Beim Frühstück erzählte man uns, wie genial die Sicht vom Hohen Brett auf die anderen Gipfel ist. Aha. Wir sehen nichts. Machen stattdessen kurz eine Verschnaufpause und treten den Rückweg zum Haus an, bevor uns Hände und Füße abgefroren sind.

Der Rückweg ist anspruchsvoller als der Anstieg. Auf dem Hosenboden klettern wir die steilen Passagen hinab. Konzentration ist gefragt, wenn man jeden Schritt bedacht wählen muss. Während gestern das Herz gefordert war, ist es heute der Kopf. Wann immer wir etwas mit den Füßen wegrutschen, zwingen wir uns, eine Pause zu machen, um neue Energie zu sammeln und schadenfrei unten anzukommen.

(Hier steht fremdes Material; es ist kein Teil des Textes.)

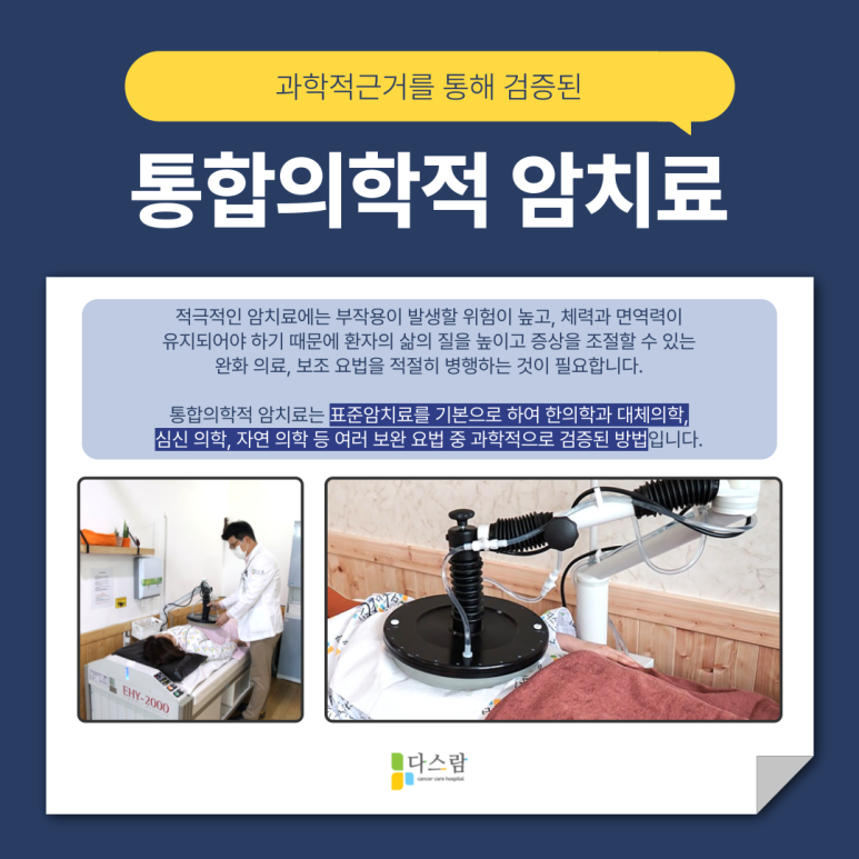 단순히 암 조직만을 제거하는 것에서 벗어나, 신체 전반의 균형을 맞추는 방식의 암 치료가 점점 주목받고 있습니다. 이른바 '통합의학적 암 치료'라고 불리는데요.이 치료 방식은 심신의 안정을 포함해 식이요법, 운동, 스트레스 관리, 면역 활성, 온열 요법 등을 포괄적으로 다룹니다.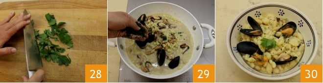 Schließlich hacken Sie die Petersilienbüschel fein 28 und geben diese in die Pfanne 29: Schalten Sie die Hitze aus, und Ihre Cicatielli mit Miesmuscheln und Bohnen sind bereit zum Genießen 30!

So anstrengend der Weg für den Kopf, so befreiend ist er gleichermaßen. Alle Gedanken sind weggeblasen. Der Kopf ist vollkommen befreit als wir abends bei Weizenbier und Kaiserschmarn den wundervollen Tag revue passieren lassen. Wäre da nur nicht die kalte Nacht, die uns bevor steht… Morgen: Frühstück: 5.30 Uhr – zum Glück.


  • Ein schmaler Holzsteig unweit vom Stahlhaus ist der Beginn der Tour
  • Trotz dichter Wolken machen wir uns auf zum Hohen Brett
  • Der Wanderweg führt über rutschiges Geröll nach oben
  • Es klart auf: die Aussicht auf die Berglandschaft ist einmalig
  • Ungestört leben die Gämsen in den Ebenen rund um das Hohe Brett
  • Dicht am Abhang führt der Weg durch tiefhängende Wolken
  • Gipfelkreuz Hohes Brett
  • Geschafft. Das Hohe Brett auf 2.340m üNN ist erreicht

Etappe 3: Vom Carl-von-Stahl-Haus zum Schneibstein

Distanz: 2,8 Kilometer
Dauer: zwei Stunden
Höhenmeter: + 543

Der Tag startet mit einem guten Frühstück und klarem Himmel. Endlich. Endlich sehen wir die umliegenden Berge und das gesamte Panorama der Berchtesgadener Alpen. Uns steht ein sonniger, aber auch anstrengender Tag bevor. Der erste Tag, der auf einer Berghütte startet und auf einer Berghütte (auf der Gotzenalm) endet.

Mit den frühen Sonnenstrahlen beginnen wir den Anstieg zum Schneibstein. Eine Etappe von nur 2,8 Kilometern, die es in sich hat. Bereits nach den ersten Meter beginnt der Aufstieg. Das Frühstück ist noch nicht verdaut, der Puls schnellt bereits in die Höhe. Der Weg ist felsig und teilweise schwierig zu erkennen. Vor uns liegen Geröllfelder und große Granitfelsen. Rechter Hand zeigt sich nun aber auch schon der Watzmann. Der wohl bekannteste Berg dieser Region. Stolz streckt er sich der Sonne entgegen. Wir haben aber wenig Energie für solche Machtspielchen. Wir streben dem Gipfelkreuz auf dem Schneibstein auf 2.276 über Normalnull entgegen.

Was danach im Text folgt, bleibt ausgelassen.